Tuesday, November 20, 2012

Big games and little ones

Last night I took a trip to Snakes and Lattes for their game designers night to get some testing done on my newest Dot iteration.  I added in three and four player rules to the existing two player game and it did really well in the test.  The higher player versions played in the same timeframe but had very different feels which was pretty much exactly what I wanted.  The thing I noticed was that the people bringing games to the event seemed to have an awful lot of big, complex games.  The prime example was a game called Camelot which had a playing board that combined about five regular chessboards with four towers about 20cm high, four complete sets of chess pieces, two stacks of cards, and a ton of special extra pieces.  I played the game for most of an hour and there was still no winner; in fact the game creator admitted that you could easily play for dozens of hours without victory.
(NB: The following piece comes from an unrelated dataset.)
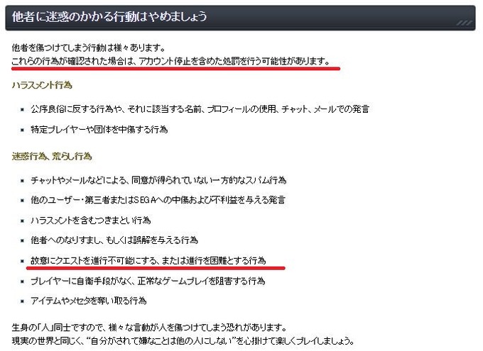「クエスト中に周りのプレイヤーのことを考えずにクエストを破棄するのは迷惑行為」としてBAN対象と宣言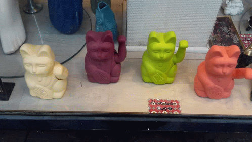Tartalomleírás: four different colored cats are sitting on a table with a sign that says nikkeicafe on it

I wonder about making really complex, huge games.  In my life there are lots of complex, great games out there but I have absolutely no ability to play them.  Le Havre is great, Agricola is great, Diplomacy is great, the list goes on.  Hand me a huge block of time and a bunch of gamers and I have an enormous list of games I want to attack.  However, in real life I never actually get to play those games because they require huge amounts of space and time.  The games I actually get to play are ones that are small, quick to learn, and fast to play.

It seems to me that if you are making an enormous, long game you are pretty much giving up on the mass market and are aiming for the student crowd.  I certainly recall in university playing Barbu for three hours and then playing it twice more.  Good luck with that now!  I have to get up and get Elli to school these days so just getting in one game of Barbu is rough.  The way I see it if you really want to make a game a success it needs to be fast and simple with as much emergent complexity and potential depth as possible.  Gigantic boxes filled with pieces and dense rulebooks strike me as a good way to never play the game in question.

Of course there are other advantages to fast games.  If a player gets stuck in an unwinnable position or is knocked out of the game they don't feel like their entire evening is shot.  Also you can have a bunch of different people win a game in a given night and that generally leaves people feeling much better about things.  Perhaps we shouldn't put so much weight on winning, but most of us do.  All of this is why I am focusing so much on Dot and less on FMB.  FMB is my baby but it is a hard sell to anyone but a serious gamer.